Opinion: Second-class treatment at regional airports
CONNECTING THE DOTS
Free Press Opinion Columnist
There are days when I get reminded of how, despite the great airport we have, we are seen by the airlines as rural, second-class hicks. We’ve been overcharged for years, for example.
And it’s not the fault of those multi-tasking airline workers who have to do everything — check us in, load our baggage, take our tickets. For small markets like Grand Junction, it’s “Express” commuter flights that take us to a hub, where typically we get on a “real” airplane.
Now another operating decision shoves us further into second-class status: cancellations.
Here’s how it works. Harsh winter weather jammed up bunches of flights to and from major airline hubs. With planes sitting at our gates, why would those cancellations affect our flying to Denver? You’ll be interested to know the big carriers control commuter schedules.
When the federal Air Traffic Control tells airlines to cancel flights, it’s the airlines who pick which planes to ground. It’s also simple math; the big airlines hit their commuter partners hard. Flights with 40 or less passengers are sure to be high on the hit list.
Oops! That’s us.
Yes, you will eventually be served. No, you won’t be on time.

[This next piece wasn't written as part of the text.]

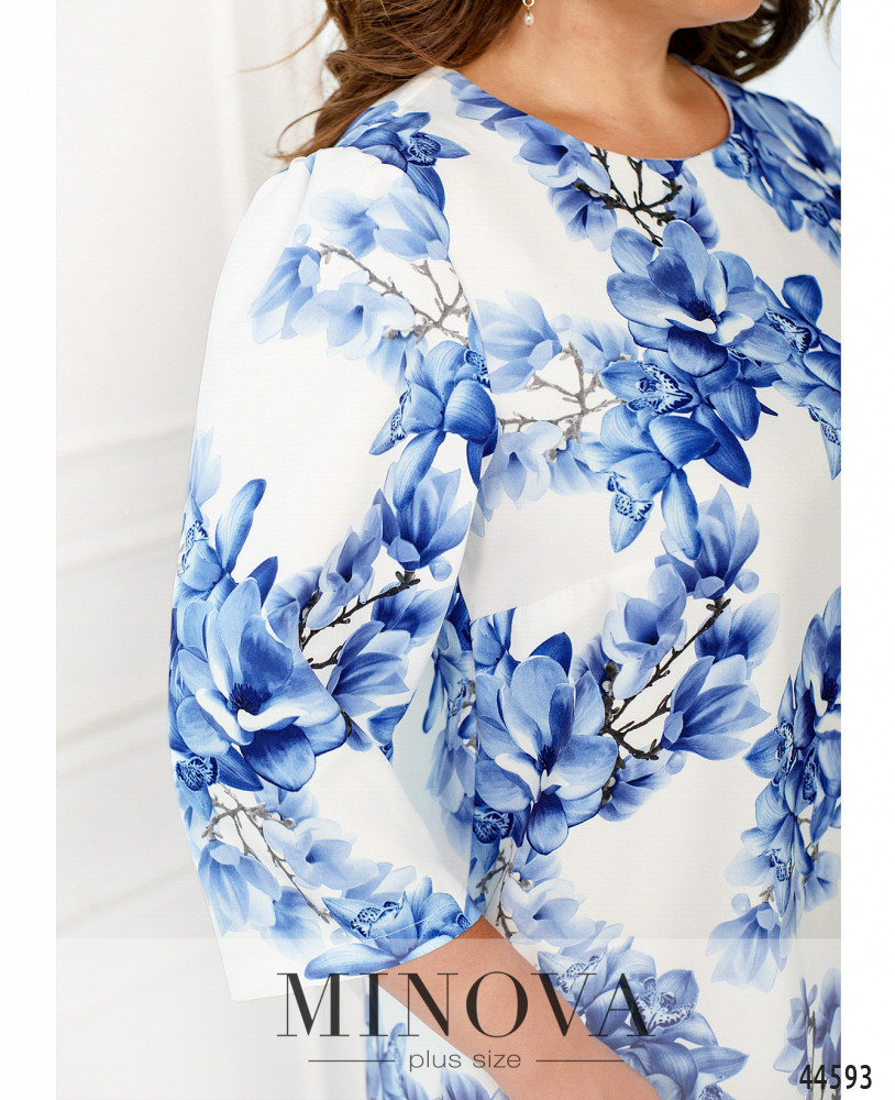 Нежное платье батал без застёжек и карманов, рукава без манжет, вырез горловины полукруглый. На груди диагональные вытачки. Принт весенний, очень привлекательный.

Greg Hart, United’s chief operations officer, said the obvious: “The simple driving factor is that you want to impact as few passengers as you can.”
And poor United has had real problems this winter. Terrible weather and runway closures in San Francisco, Chicago and Newark, all United hubs, rippled all the way to Grand Junction.
This type of issue hit close to home when my brother, Jim, took a trip in late December. He was due out of Grand Junction on a 10 a.m. flight, and then continuing on at 12:15 p.m.
United notified him late in the day prior, via email, that his flight was canceled “by Air Traffic Control.” They would “protect” him on the same schedule the next day. Instead he got rebooked on an 8 a.m. flight.
Oops again: When he got to the airport, that early flight was canceled! It was snowing in both Grand Junction and Denver. The stranded fliers finally got to Denver about 1:30 p.m., and of course he missed his connection. He managed to snag a seat on a 3 p.m. flight.
All was well. Passengers were aboard, baggage was stowed. All they needed was to push back and head for the de-icing line. An hour later the pilot reported the bad news.
“This flight has been canceled by Air Traffic Control. Everyone needs to deplane and go to a United service counter.”
Jim luckily snagged a seat on a 10:15 p.m. departure. After three cancellations, what could go wrong!
No, it was not canceled. But it was delayed an hour and a half. He finally arrived at 1:40 a.m. (yep, the next day) after 20 long hours spent mostly in airports.
Now, back to ticket prices. GJT to DIA, round-trip, typically costs anywhere from $444 to $701. You can however fly round-trip Los Angeles to New York City — 6,000 miles of flying — for $254. It has been that way since airline deregulation from President Jimmy Carters’ day.
Small-town America: not only are we second-class, small-city hicks in fares; we now are steerage class in service.
Ah, the friendly skies. Makes you almost long for regulation again!
Free Press columnist Ken Johnson is founder of the Grand Junction Free Press and former owner/publisher of The Daily Sentinel. He spends his time between the Grand Valley and California.